Classification and discrimination of waist-abdomen-hip morphology of young women based on space vector length

WU Jinying1, LI Xin1, DING Xiaojun1,2,3, QIU Wenchi1, ZOU Fengyuan1,2,3()   

  1. 1. School of Fashion Design & Engineering, Zhejiang Sci-Tech University, Hangzhou, Zhejiang 311199, China
    2. Clothing Engineering Research Center of Zhejiang Province, Hangzhou, Zhejiang 311199, China
    3. Key Laboratory of Silk Culture Heritage and Products Design Digital Technology, Ministry of Culture and Tourism, Hangzhou, Zhejiang 311199, China
  • Received:2023-04-26 Revised:2023-09-13 Online:2024-04-15 Published:2024-05-13

Abstract:

Objective The current research on body shape uses classification indexes for body shape such as circumference, width, thickness, ratio and angle, which are not able to fully reflect the curved shape of body. In order to establish classification and discrimination of three-dimensional surfaces of female body and improve the fit of pants, a method of body shape classification based on space vector length characterization of waist-abdomen-hip morphology is proposed.

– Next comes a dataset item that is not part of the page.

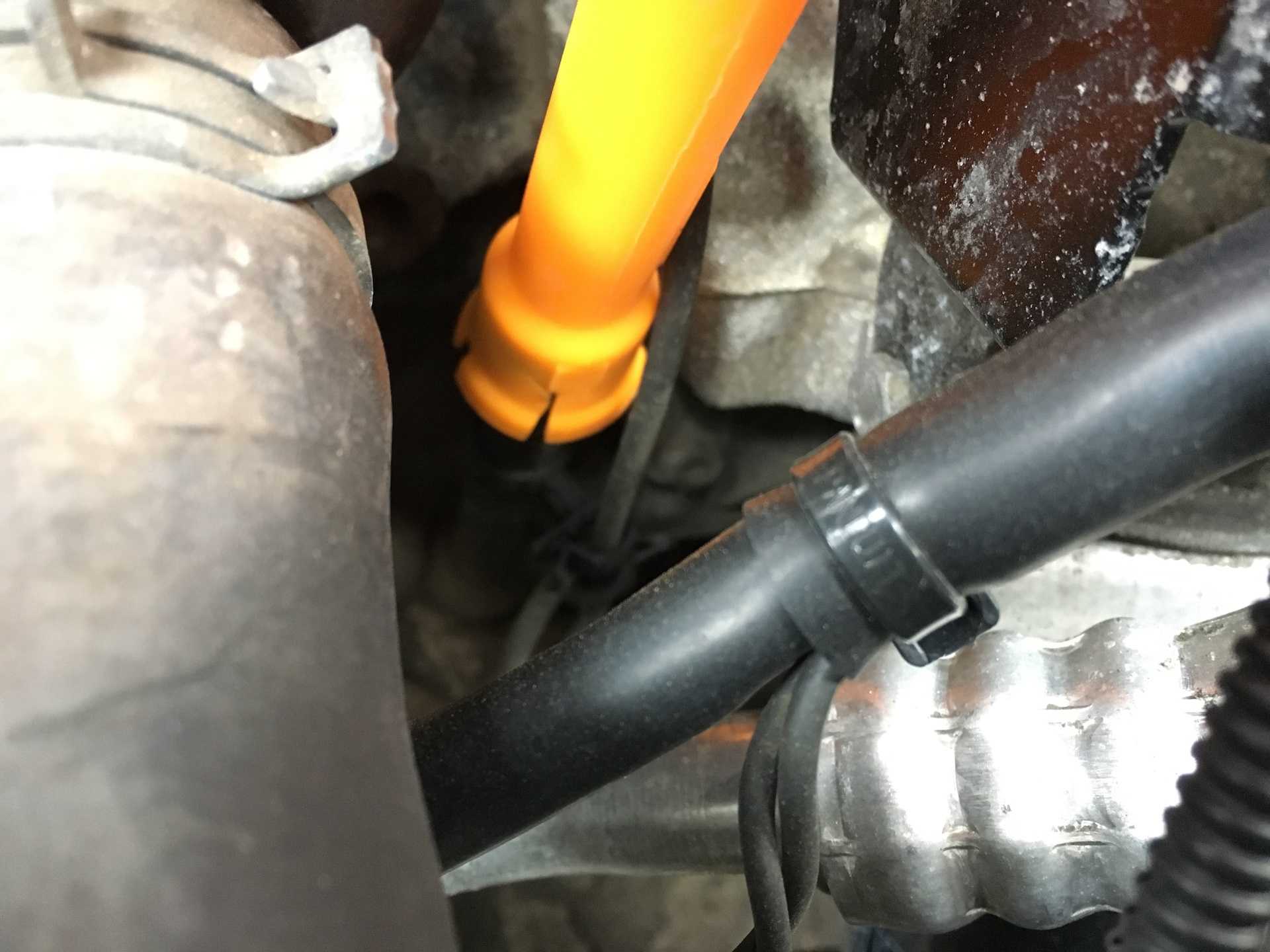При помощи ключа T30 откручивается первое крепление патрубка охлаждения к ДВС. Второе расположено со стороны коробки (закреплено гайкой на 10 мм). Далее под двигатель устанавливается емкость для антифриза. Сняв еврохомут плоскогубцами, можно оттянуть шланг от маслоохладителя. Чтобы жидкость слилась полностью, откручивается пробка расширительного бачка.

Method The 3-D point cloud data of 323 young women aged 18-25 years were collected by TC2 3D scanner, and the 10-layer cross-sectional curves of the waist-abdomen-hip were extracted. The center of mass of hip circumference was used as the origin to reconstruct the point cloud coordinate system. The space vector length of 130 feature points was calculated by Euclidean distance to construct the modulus length matrix to characterize the morphology of body surface. The eigen dimension was determined by using maximum likelihood estimation, and Laplace feature mapping was introduced. The body type segmentation based on space vector length was achieved by K-means clustering. The discriminative model of waist-abdomen-hip morphology of young women was established by random forest algorithm. The garment samples (SVP) corresponding to four types under size 160/66A were obtained and compared with the basic women's suit pants benchmark sample (BTP) to evaluate their fit.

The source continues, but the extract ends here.